- Task material
------------
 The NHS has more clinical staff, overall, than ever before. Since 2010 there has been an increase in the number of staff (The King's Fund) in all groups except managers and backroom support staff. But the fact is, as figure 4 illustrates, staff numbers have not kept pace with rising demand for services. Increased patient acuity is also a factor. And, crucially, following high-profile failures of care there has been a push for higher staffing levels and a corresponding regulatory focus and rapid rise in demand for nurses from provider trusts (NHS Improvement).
------------
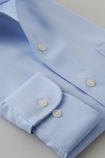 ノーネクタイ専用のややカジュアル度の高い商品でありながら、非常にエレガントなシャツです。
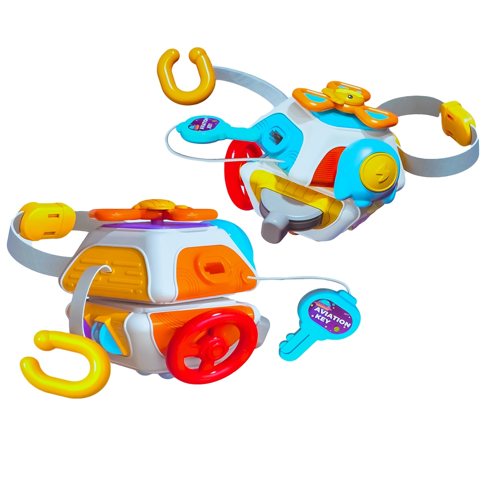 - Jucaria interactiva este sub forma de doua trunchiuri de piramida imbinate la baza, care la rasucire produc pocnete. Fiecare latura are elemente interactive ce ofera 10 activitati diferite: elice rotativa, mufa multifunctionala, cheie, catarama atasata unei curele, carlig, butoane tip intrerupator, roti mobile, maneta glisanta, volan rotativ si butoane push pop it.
------------
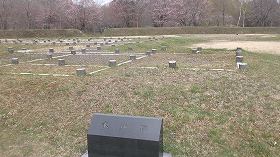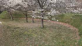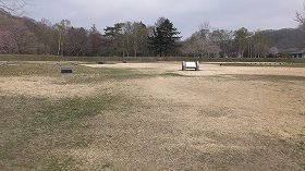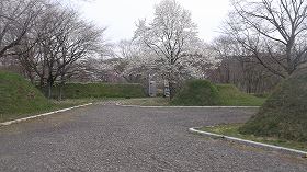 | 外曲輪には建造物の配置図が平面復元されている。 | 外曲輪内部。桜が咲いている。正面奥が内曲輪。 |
------------
- Your instructions
The output is the stretch above from the line with "ノーネクタイ専用のややカジュ" through the line with "- Jucaria interactiva", copied word for word with both ends kept and every picture dropped.

- Exercise answer
 ノーネクタイ専用のややカジュアル度の高い商品でありながら、非常にエレガントなシャツです。
 - Jucaria interactiva este sub forma de doua trunchiuri de piramida imbinate la baza, care la rasucire produc pocnete. Fiecare latura are elemente interactive ce ofera 10 activitati diferite: elice rotativa, mufa multifunctionala, cheie, catarama atasata unei curele, carlig, butoane tip intrerupator, roti mobile, maneta glisanta, volan rotativ si butoane push pop it.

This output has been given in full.